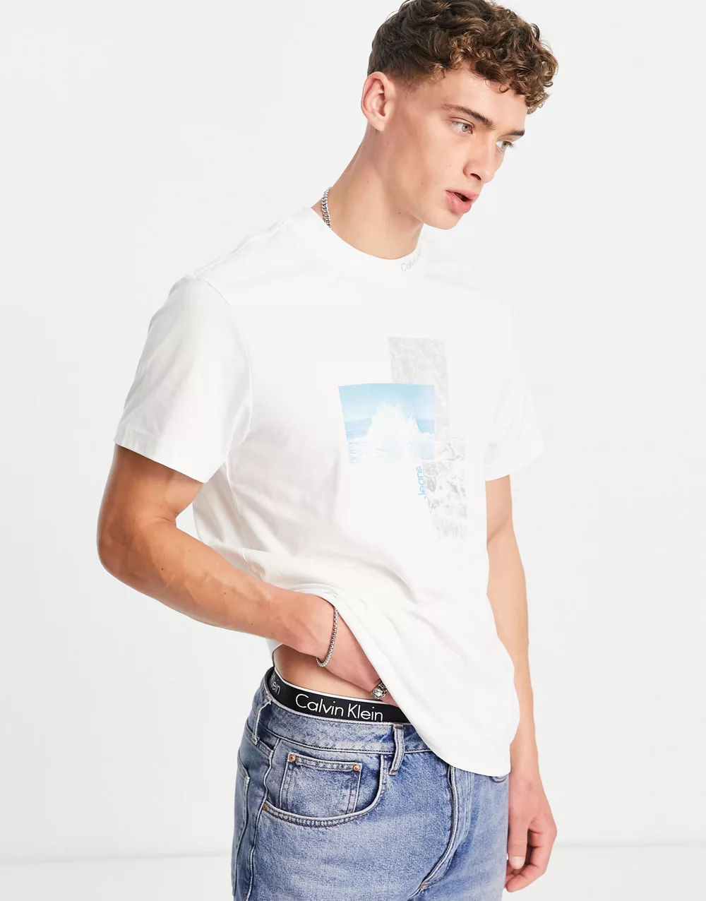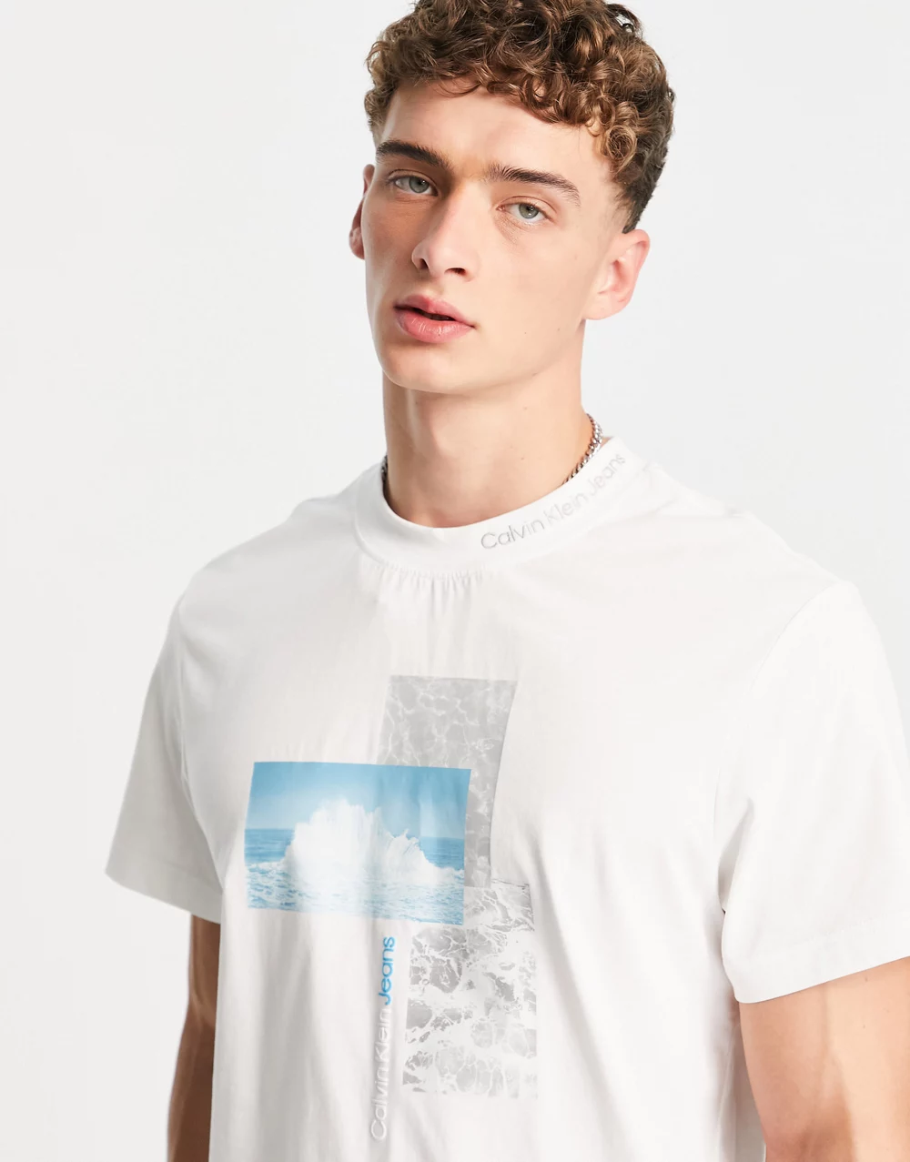- Calvin Klein Jeans splash photoprint t-shirt in white
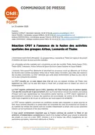 Réaction CFDT à l'annonce de la fusion des activités spatiales des groupes Airbus, Leonardo et Thales
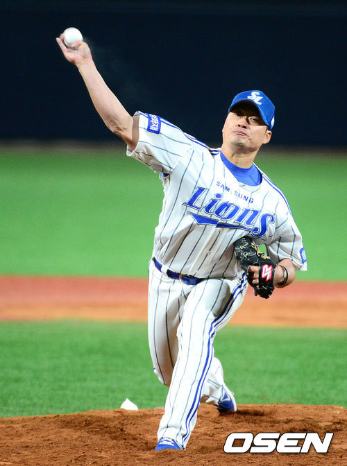17일 오후 포항야구장에서 열린 2013 한국야쿠르트 세븐프로야구 삼성 라이온즈와 SK 와이번스의 경기, 8회초 2사 3루에서 SK 박진만 타석 때 삼성 오승환이 힘차게 공을 던지고 있다.
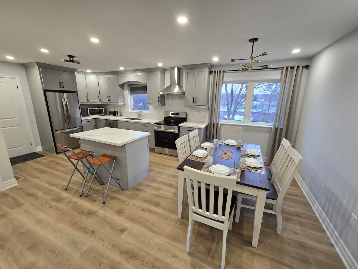 Uživajte u svom privatnom životnom prostoru u renoviranom dvojnom stanu na donjem spratu. Odlična lokacija, u blizini centra grada, autoputeva, voza, autobusa. Jednostavna vožnja do Toronta. Odličan prostor za različite posjetioce. ❗NAPOMENA!! Živimo na gornjem spratu s dvoje aktivne djece i psom. Ponekad se djeca igraju. Ne preporučujemo prostor onima koji traže potpunu tišinu, iako dajemo sve od sebe da bude tiši. Nadamo se da ćete uživati u boravku!
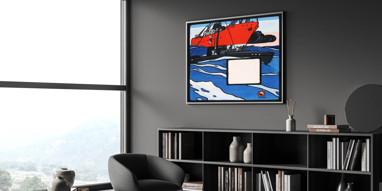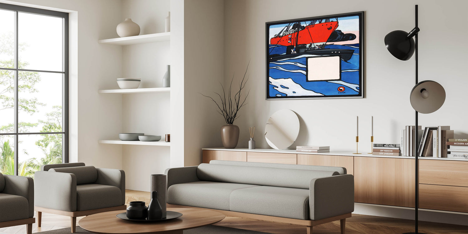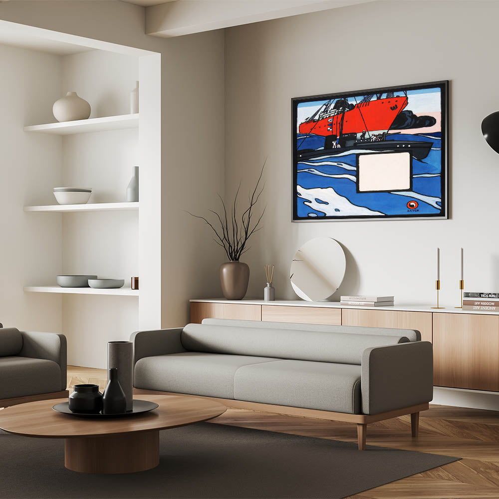 Modern Wall Art – Bold Naval Scene with Vibrant Blue and Red Accents

-------------------------

- _WHAT THE TASK ASKS_: Word for word, restate the lines from the one containing "Uživajte u svom" through the end of the entries. Do not include pictures.

- _ANSWER TO THE PROBLEM_:
 Uživajte u svom privatnom životnom prostoru u renoviranom dvojnom stanu na donjem spratu. Odlična lokacija, u blizini centra grada, autoputeva, voza, autobusa. Jednostavna vožnja do Toronta. Odličan prostor za različite posjetioce. ❗NAPOMENA!! Živimo na gornjem spratu s dvoje aktivne djece i psom. Ponekad se djeca igraju. Ne preporučujemo prostor onima koji traže potpunu tišinu, iako dajemo sve od sebe da bude tiši. Nadamo se da ćete uživati u boravku!
 Modern Wall Art – Bold Naval Scene with Vibrant Blue and Red Accents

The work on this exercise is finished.